Time taken for initial data sync in a sharded environment

Hi Team,

I have a test cluster with 1shard(3node Rep set), 3config and 1router. I have created ~7gb of total data(including indexes) on primary. Now i have tried to added a new node to the replicaset. I observed that the initial data sync took 25mins to complete. I have tested this with and without enabling compression multiple times and the time taken is similar. There is plenty of ram configured.

I feel that 25mins is too long for 7GB of data. if i have 50GB/100GB of data, the initial sync time would ~3hrs/6hrs respectively. Please suggest.

Thanks,
Saran

Hello @Sharan_Kumar, welcome to the MongoDB Community forum.

You can try copying the existing member’s data to the new member being added (before adding the member to the replica-set) - this can reduce the amount of time for the new member to sync. This is explained in Add Members to a Replica Set - Prepare the Data Directory.

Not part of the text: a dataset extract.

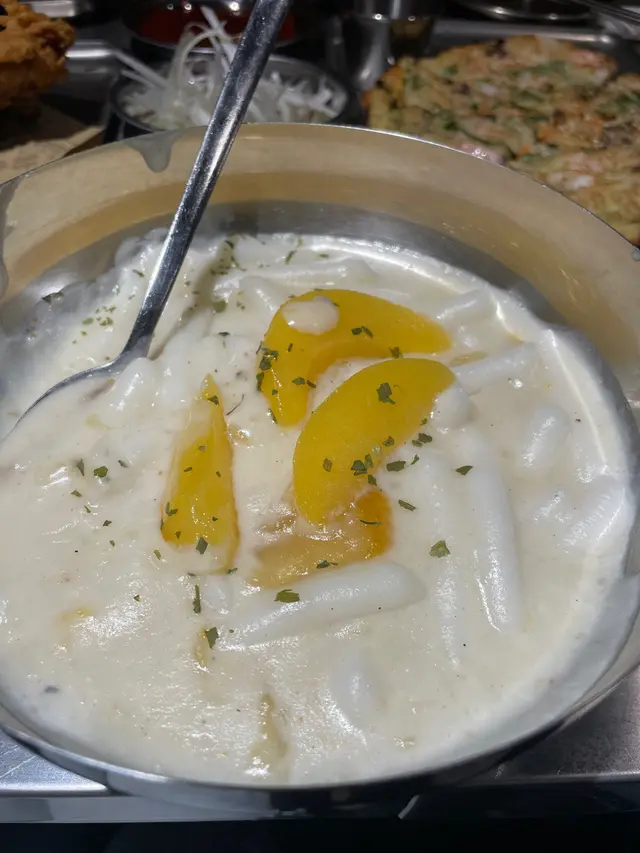 韓式辣伴醬雞肉鍋食韓國嘢點少得食韓國麵, 湯底唔係話好辣喎,配料還有紅蘿蔔,大蔥等等,好濃郁。雞肉同麵的份量也不少呀!芒果梳打,荔枝梳打,酸酸甜甜,解渴之選
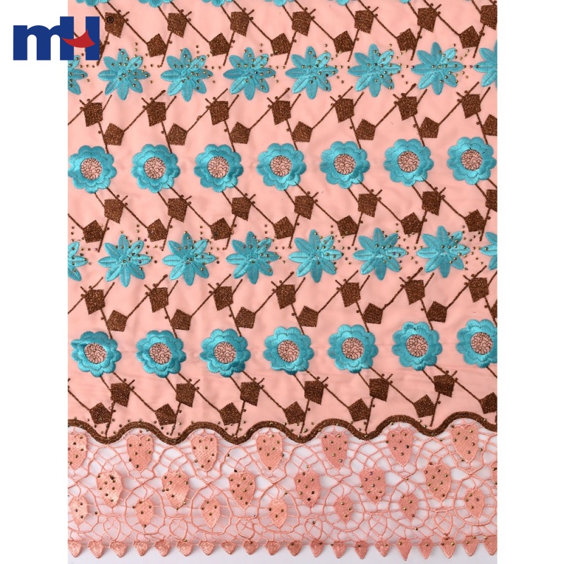 A premium 100% polyester cotton-look lace fabric in soft peach, 132 cm wide. Features alternating rows of turquoise floral embroidery and brown geometric diamond motifs, accented with gold hot-fix rhinestones and finished with a delicate scalloped lace border. Wholesale only (MOQ 500 yards per design), offering a smooth hand feel and long-lasting performance.

See the the second bullet point:

Before adding a new member to an existing replica set, prepare the new member’s data directory using one of the following strategies:

  • Make sure the new member’s data directory does not contain data. The new member will copy the data from an existing member. …
  • Manually copy the data directory from an existing member. The new member becomes a secondary member and will catch up to the current state of the replica set. Copying the data over may shorten the amount of time for the new member to become current.